### [WORK ORDER]
Print every record exactly as it appears. Leave the pictures out.

-------------------------

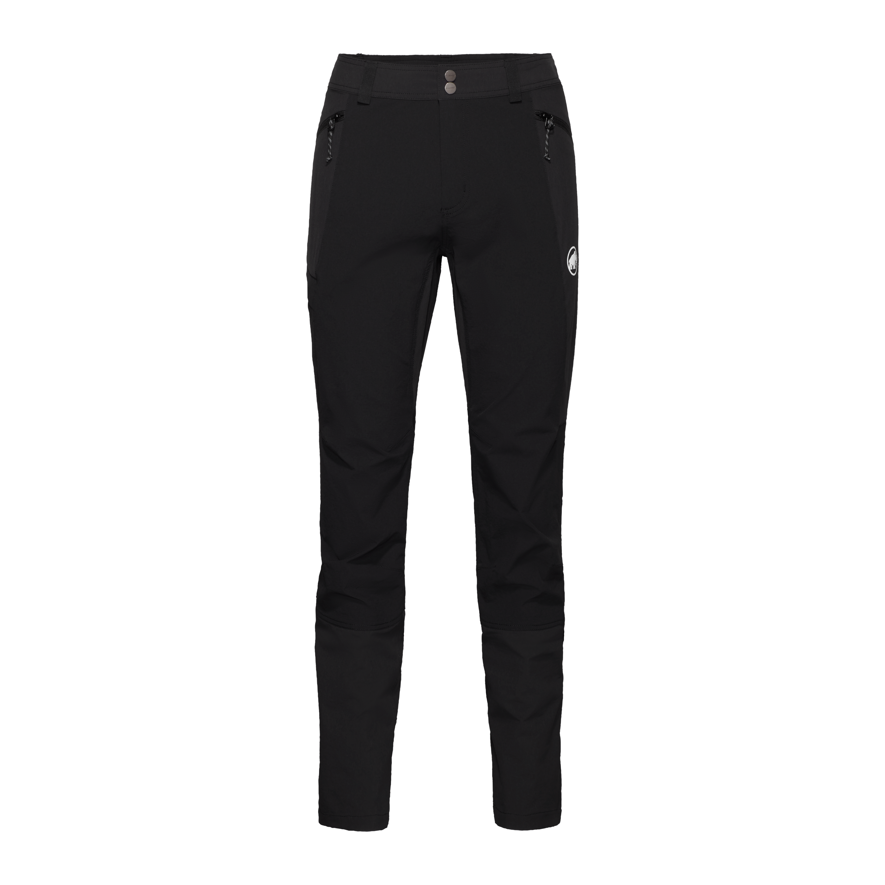 The pants are built with a strong focus on practical details. They feature an elasticated rear waistband, belt loops, a concealed fly with snap buttons, a gusset crotch for greater freedom of movement, two zippered front pockets, and a harness-compatible zippered leg pocket. These elements make the model suitable not only for classic hikes, but also for more technical routes.
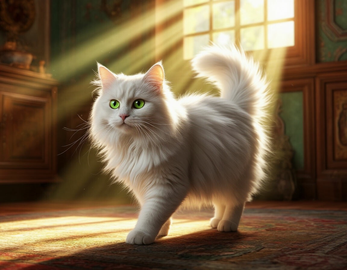Однажды белый пушистый котик гулял по своему дому. Он важно ходил по комнатам и проверял – все ли вещи лежат на своих местах. Может, появилось что-нибудь новенькое, а он и не знает! Поэтому, как полагается настоящему хозяину, котик заходил в каждую комнату, рассматривал все своими большими зелеными глазами и обнюхивал своим маленьким розовым носиком. А если было нужно, мог даже осторожно потрогать своей пушистой лапкой – вдруг шевелится или шуршит.
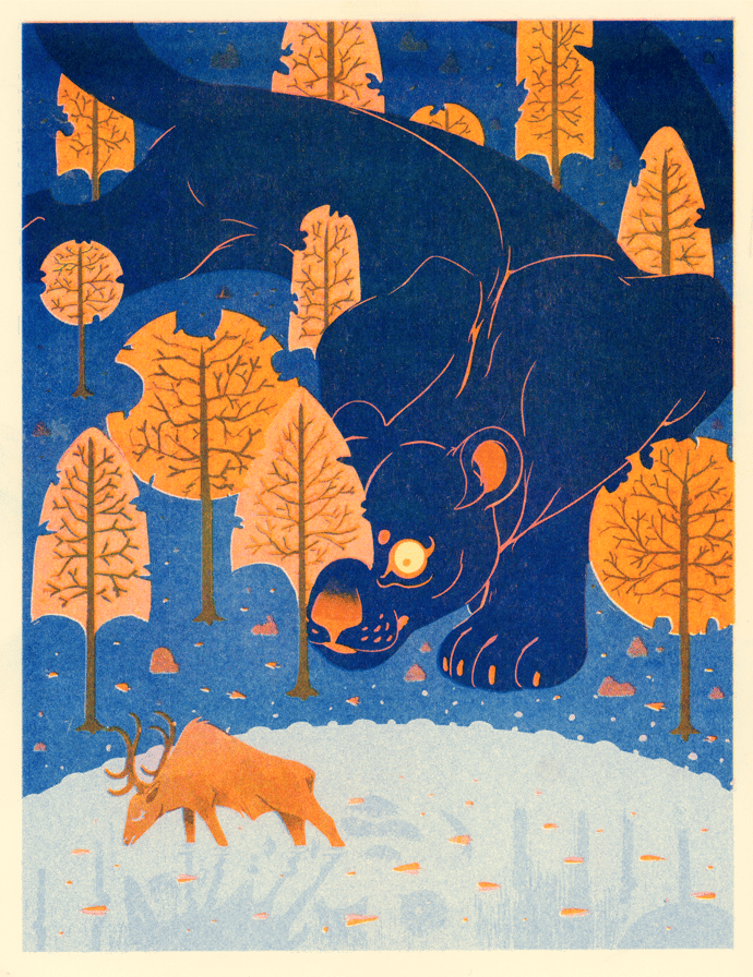 Stag and his Reflection Risograph
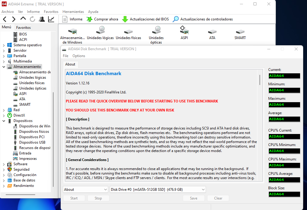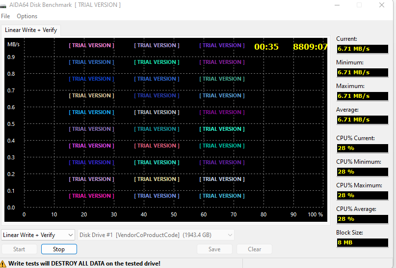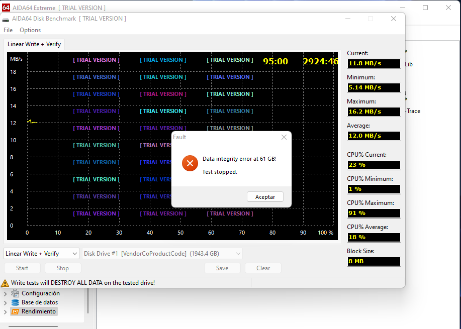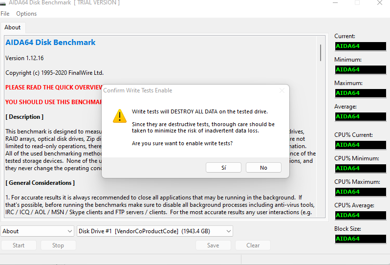 - Pruebas de escritura :Si activamos las pruebas de escritura, estarán disponibles los siguientes 6 modos de prueba adicionales: Escritura lineal, Escritura aleatoria, Escritura con búfer, Acceso medio de escritura, Escritura lineal + verificación y Escritura aleatoria + verificación. Al realizar pruebas de escritura, todos los datos se perderán en el dispositivo de almacenamiento, y AIDA64 nos advierte de ello tres veces al iniciar el proceso.
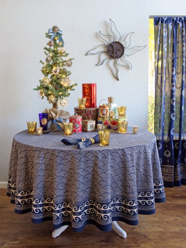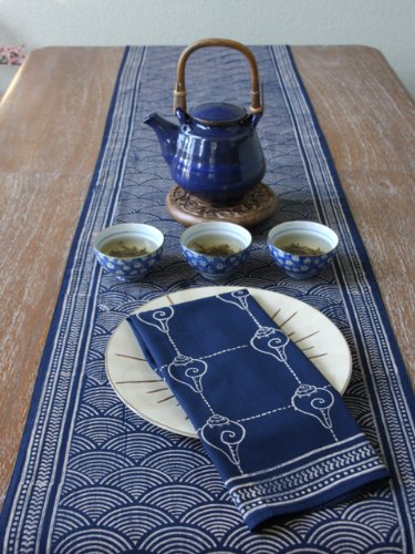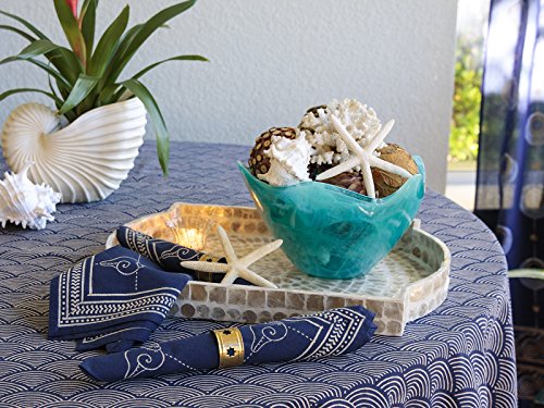 -. Feature : Graphic conch shells strikingly patterned across a deep navy / indigo blue ground. / Designed to coordinate with the Pacific Blue Tablecloths and Runner. / One-of-a-kind and reusable...a planet happy, utterly stylish way to be and stay green. / Sold as a set of 6 Napkins. Size: 20 inches wide and 20 inches long. Printed on preshrunk, superior grade, soft cotton and finished with neat double stitched hems. / Hand printed using intricately carved wooden blocks. Machine wash, gentle cycle, cold water, mild detergent.

-------------------------

### [RESULT OF THIS TASK]
 The pants are built with a strong focus on practical details. They feature an elasticated rear waistband, belt loops, a concealed fly with snap buttons, a gusset crotch for greater freedom of movement, two zippered front pockets, and a harness-compatible zippered leg pocket. These elements make the model suitable not only for classic hikes, but also for more technical routes.
Однажды белый пушистый котик гулял по своему дому. Он важно ходил по комнатам и проверял – все ли вещи лежат на своих местах. Может, появилось что-нибудь новенькое, а он и не знает! Поэтому, как полагается настоящему хозяину, котик заходил в каждую комнату, рассматривал все своими большими зелеными глазами и обнюхивал своим маленьким розовым носиком. А если было нужно, мог даже осторожно потрогать своей пушистой лапкой – вдруг шевелится или шуршит.
 Stag and his Reflection Risograph
 - Pruebas de escritura :Si activamos las pruebas de escritura, estarán disponibles los siguientes 6 modos de prueba adicionales: Escritura lineal, Escritura aleatoria, Escritura con búfer, Acceso medio de escritura, Escritura lineal + verificación y Escritura aleatoria + verificación. Al realizar pruebas de escritura, todos los datos se perderán en el dispositivo de almacenamiento, y AIDA64 nos advierte de ello tres veces al iniciar el proceso.
 -. Feature : Graphic conch shells strikingly patterned across a deep navy / indigo blue ground. / Designed to coordinate with the Pacific Blue Tablecloths and Runner. / One-of-a-kind and reusable...a planet happy, utterly stylish way to be and stay green. / Sold as a set of 6 Napkins. Size: 20 inches wide and 20 inches long. Printed on preshrunk, superior grade, soft cotton and finished with neat double stitched hems. / Hand printed using intricately carved wooden blocks. Machine wash, gentle cycle, cold water, mild detergent.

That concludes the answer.